In determining his or her income amount, your relative can include in the count:
- Money held in savings accounts, stocks, bonds, and property
- Your income and, in some cases, your assets
- The income and, in some cases, the assets of members of your relative’s household related by birth, marriage, or adoption or of those listed on your relative’s most recent federal income tax return (whether or not they reside with your relative)
Not surprisingly, meeting the financial support qualifications presents an insurmountable obstacle to many otherwise willing and qualified potential sponsors. In some cases, if the relative visa petitioner’s household income doesn’t quite reach the minimum 125 percent above the government-mandated poverty level, a joint sponsor may also be allowed to sign an additional affidavit of support. A joint sponsor is someone, other than the family member who is sponsoring you for immigration, who is willing to share legal responsibility, along with your family member, for supporting you if for any reason you are unable to support yourself after immigrating to the U.S.

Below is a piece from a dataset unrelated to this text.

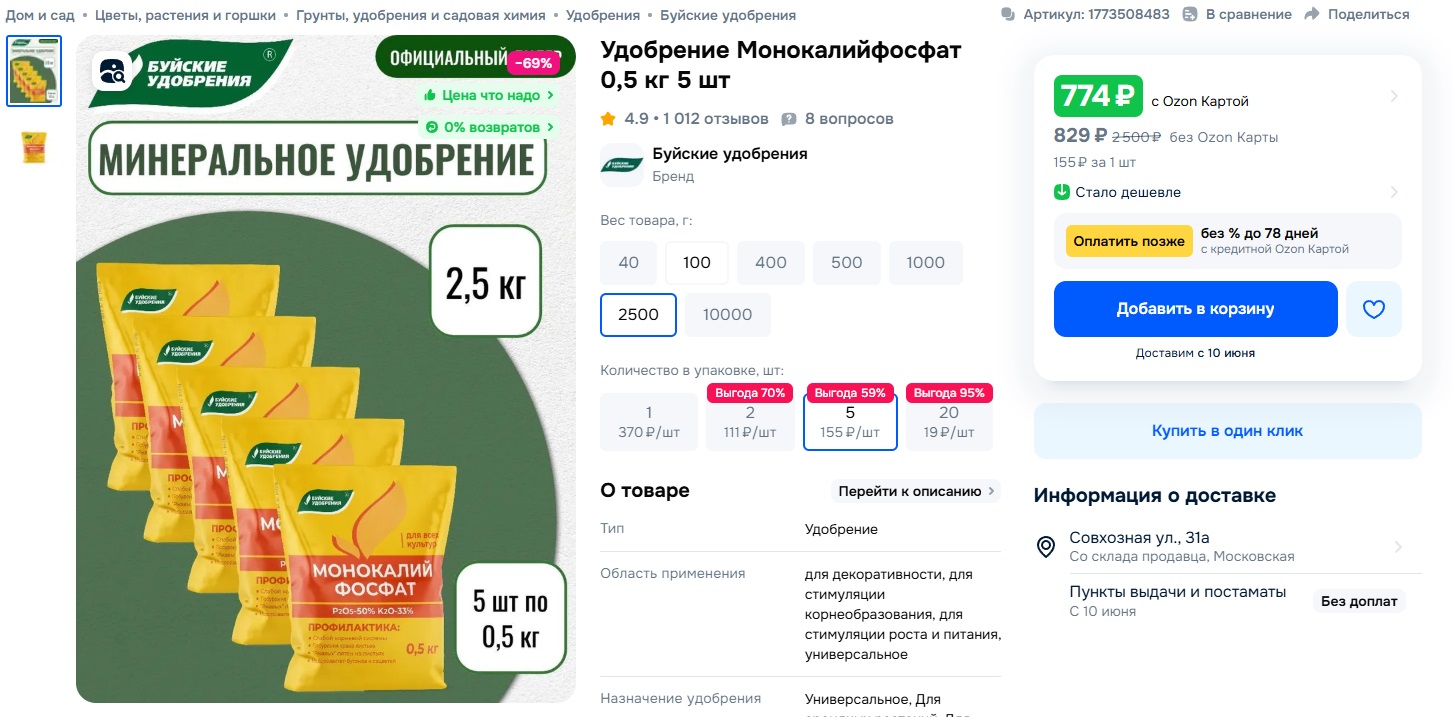 Посмотрел цены: 500-600 рублей за 0,5 кг от Буйских даже без всяких акций. При том, что этого, получается, достаточно на 2 полных бочки-евробарабана (227 литров). Для замены селитры в зимнеподготовительной подкормке вполне по карману. Спасибо.

A joint sponsor must meet the same sponsorship qualifications as the sponsoring relative with one important exception: The joint sponsor does not need to be a relative of any kind (he or she can be, but that isn’t required in order for the person to qualify).
The joint sponsor (or the joint sponsor and his or her household) must meet the 125 percent income requirement on his or her own. You cannot combine your income with that of a joint sponsor to meet the income requirement the way you can with your primary sponsor.
So how much is 125 percent above the mandated poverty level? The U.S. Department of Health and Human Services sets the annual poverty guidelines. The guidelines are available from the U.S. Department of Health and Human Services (HHS).
The guidelines are also on the BCIS’s Web site as part of Form I-864, but often those guidelines are not updated as quickly as they are at the HHS, so checking with HHS first is always a good idea.